A step toward world government

The Streit Council is named after Clarence K. Streit, whose 1939 book "Union Now" called for the creation of a Transatlantic Union as a step toward world government. The new federation, with an international constitution, was to include the 15 democracies of U.S., UK, France, Australia, Belgium, Canada, Denmark, Finland, the Netherlands, Ireland, New Zealand, Norway, Sweden, Switzerland and South Africa.

Ira Straus, the founder and U.S. coordinator of the Committee on Eastern Europe and Russia in NATO, a group dedicated to including Russia within NATO, credits Bennett as TPN chairperson with reviving Streit's work "seven decades later."

A globalist with leftist political leanings, Straus was a Fulbright professor of political science at Moscow State University and the Moscow State Institute of International Relations from 2001 to 2002.

The congruity of ideas between Bennett and Streit is clear when Bennett writes passages that echo precisely goals Streit stated in 1939.

One example is Bennett's claim in his Streit Council article that creating a Transatlantic Common Market would combine markets that comprise 60 percent of world Gross Domestic Product under a common regulatory standard that would become "the de facto world standard, regardless of what any other parties say."

Similarly, Streit wrote in "Union Now" that the economic power of the 15 democracies he sought to combine in a Transatlantic Union would be overwhelming in their economic power and a clear challenge to the authoritarian states then represented by Nazi Germany and the communist Soviet Union.

Also writing in the Fall 2007 issue of the Streit Council journal "Freedom and Union," World Bank economist Domenec Ruiz Devesa openly acknowledged that "transatlantic economic integration, though important in itself, is not the end."

"As understood by Jean Monnet," he continued, "economic integration must and will lead to political integration, since an integrated market requires common institutions producing common rules to govern it."

Transatlantic Common Market by 2015

Last February, the Transatlantic Policy Network formed a Transatlantic Market Implementation Group to put in place "a roadmap and framework" to direct the activity of the Transatlantic Economic Council to achieve the creation of the Transatlantic Common Market by 2015.

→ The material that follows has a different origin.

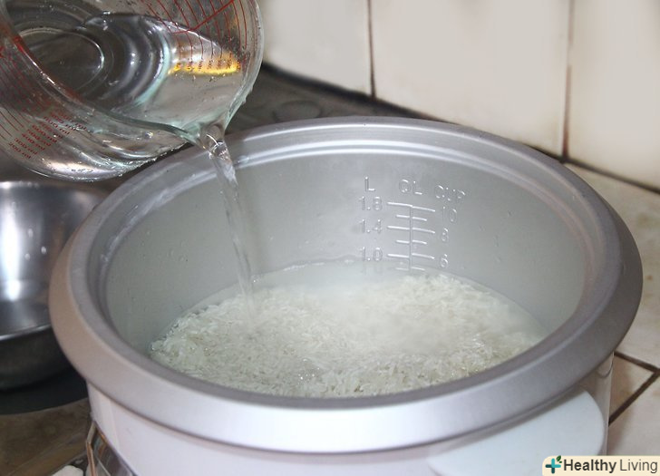 Додайте рис і воду в рисоварку.помістіть промитий рис в ємність рисоварки. Потім залийте його 1 склянкою (240 мл) чистої холодної води.[6]- Для приготування жасминового рису використовуйте співвідношення рису і води 1:1. Збільште кількість кожного з інгредієнтів в залежності від кількості людей. Однієї склянки (185 г) жасминового рису і однієї склянки (240 мл) води буде достатньо для приготування 4-6 порцій рису.

the Transatlantic Economic Council is an official international governmental body established by executive fiat in the U.S. and the EU without congressional approval or oversight. No new law or treaty was sought by the Bush administration to approve or implement the plan to create a Transatlantic Common Market.

The U.S. congressmen and senators are involved only indirectly, as advisers to the influential non-governmental organization.

In a February 2007 document entitled "Completing the Transatlantic Market," the TPN's Transatlantic Market Implementation Group writes, "The aim of this roadmap and framework would be to remove barriers to trade and investment across the Atlantic and to reduce regulatory compliance costs."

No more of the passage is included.